When the Pandemic Struck, This Class Struck Back

A chemistry professor and his students scrap the lesson plan to study COVID-19

Sara Rudolph, who is pursuing a Ph.D. in biomedical engineering at Tufts, sits at a counter with her laptop. Her Medicinal Chemistry class changed direction to study COVID-19 and managed to share findings while shifting to a distance-learning format.

Krishna Kumar, Robinson Professor of Chemistry, vividly remembers Monday, February 3. That’s the day that a disease soon to be known as COVID-19 first became a topic of discussion in his Medicinal Chemistry class. While the “novel coronavirus” wasn’t yet dominating the headlines, local news media had just reported that a University of Massachusetts student, recently returned from Wuhan, China, had tested positive.

By sheer coincidence, Kumar’s lecture that day focused on the formidable viral diseases AIDS, SARS, and MERS, and discussion turned to the new virus.

“The students were very interested in this emerging situation,” said Kumar. “Some had family members in lockdown in Beijing and Shanghai. Within a couple of weeks, it was clear that we were all facing something completely unprecedented.”

Over the rest of the semester, the class of twenty-six junior and seniors and eight graduate students successfully changed direction to study COVID-19. They also found a way to come together, learn from each other, and share their findings even as they, like all Tufts classes, made the move to distance learning in late March.
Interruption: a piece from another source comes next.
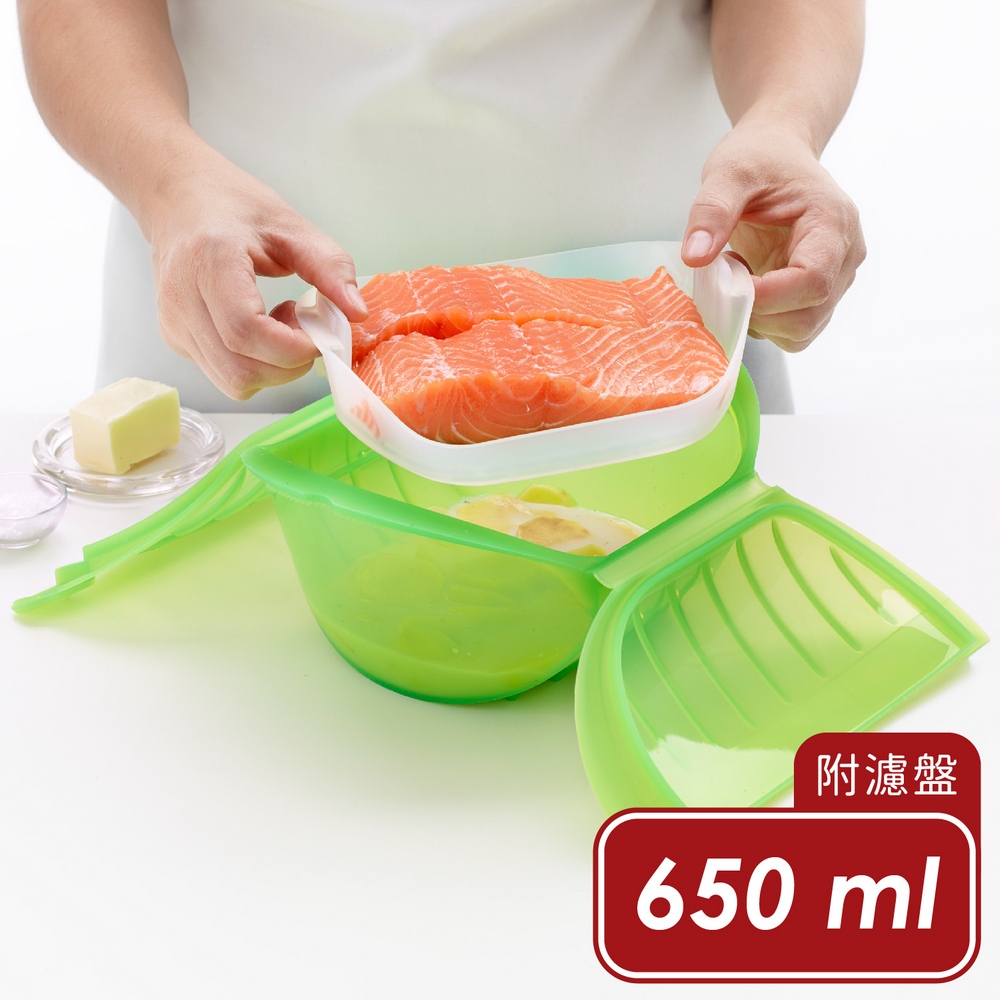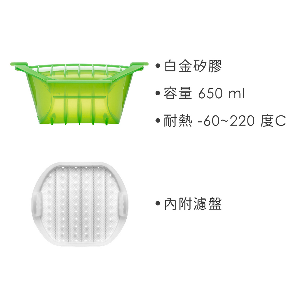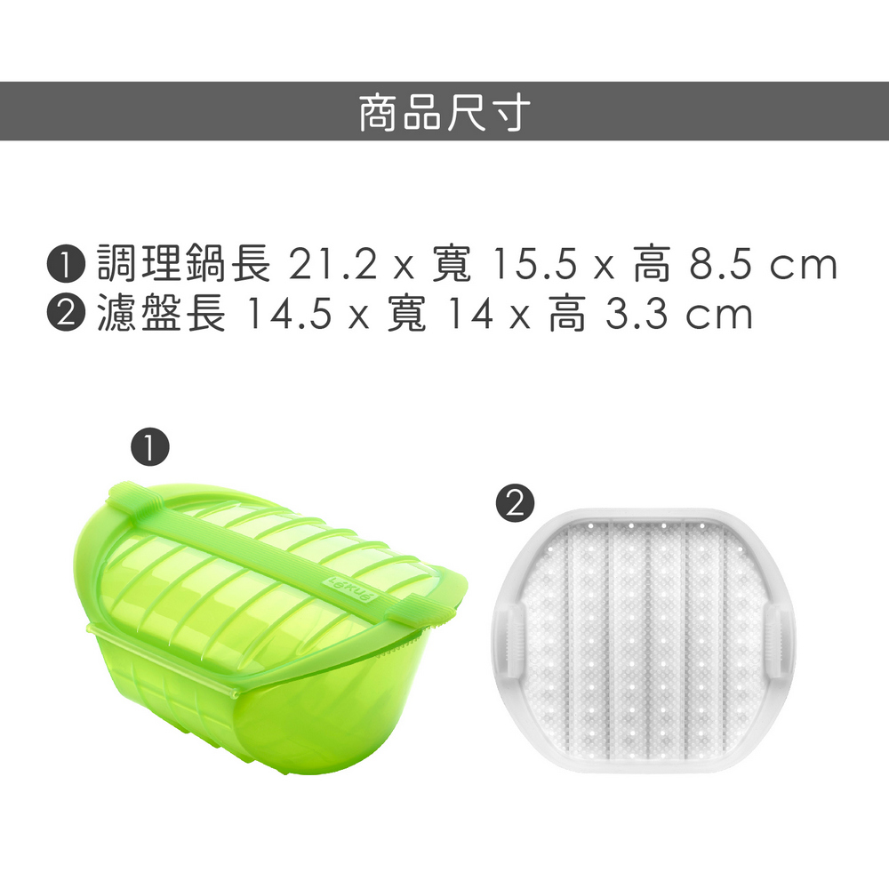 尺寸:調理鍋長 21.2 x 寬 15.5 x 高 8.5 cm、濾盤長 14.5 x 寬 14 x 高 3.3 cm

The students “dug deep and came up with ideas that were not even in the mainstream discussion,” said Krishna Kumar, Robinson Professor of Chemistry.The students “dug deep and came up with ideas that were not even in the mainstream discussion,” said Krishna Kumar, Robinson Professor of Chemistry.

Kumar had never taught remotely, but drawing on university models and technology resources, department and school meetings, and informal discussions with colleagues, he found techniques that worked best for him to deliver his twice-weekly lectures via Zoom.

Kumar incorporated the unfolding pandemic into classes and reading; the last two lectures focused exclusively to COVID-19. Although his students were now living in different time zones, all were able to join at the regularly scheduled time.

“We had 100 percent attendance,” he said.

Kumar asked the class to vote on replacing a planned test with a COVID-specific project. “Within 10 seconds, every student raised their hand” in agreement, said Kumar. Each student wrote a paper summarizing major published findings about a therapy being considered to prevent or treat COVID-19. Assignment time: just four working days.

“I am proud of what students were able to accomplish. Some of them are looking at their papers as living documents and continuing to add to them,” said Kumar. “In class, they dug deep and came up with ideas that were not even in the mainstream discussion. They really broadened their approach, reading widely, not just scientific sources but public policy and public health.”

Sara Rudolph, in the first year of a Ph.D. program in biomedical engineering, said she appreciated being in a course that could switch focus and stay relevant. Her paper, which she wrote after moving back in with her family and two cats in Needham, Mass., looked at stopping the SARS-CoV-2 virus from binding to cell receptors by inhibiting a type of enzyme called a protease.

Since then, she has been following the news and looking for updates on new treatments for COVID-19. “We might even use some of my course research on the protease inhibitor within our research group,” she said.

The course played out against a backdrop that Kumar describes as once in a millennium. “Never before has half of humankind been in quarantine,” he said. “A 92-year old colleague at another institution told me World War II didn’t feel like this, and 9/11 didn’t feel like this, because then you could gain some solace by being with family and friends. That is the aspect that is so difficult.”

For biology major Claire Dunn, A20, home is the Netherlands. She considered moving back but felt that might be more disruptive than staying in the Somerville, Mass., apartment she shares with friends.

She found that studying SARS CoV-2 and COVID-19 helped in unexpected ways. “Everything felt very panicky,” said Dunn. “No one knew what an end to the pandemic might be or how we would get there. Understanding the science and the next steps was very nice. It helped calm my fears. I’m happy we didn’t just carry on with the regularly planned course, that we didn’t stick our heads down and say, well, we have to stick to XYZ. I’m really thankful I was taking this course at this time.”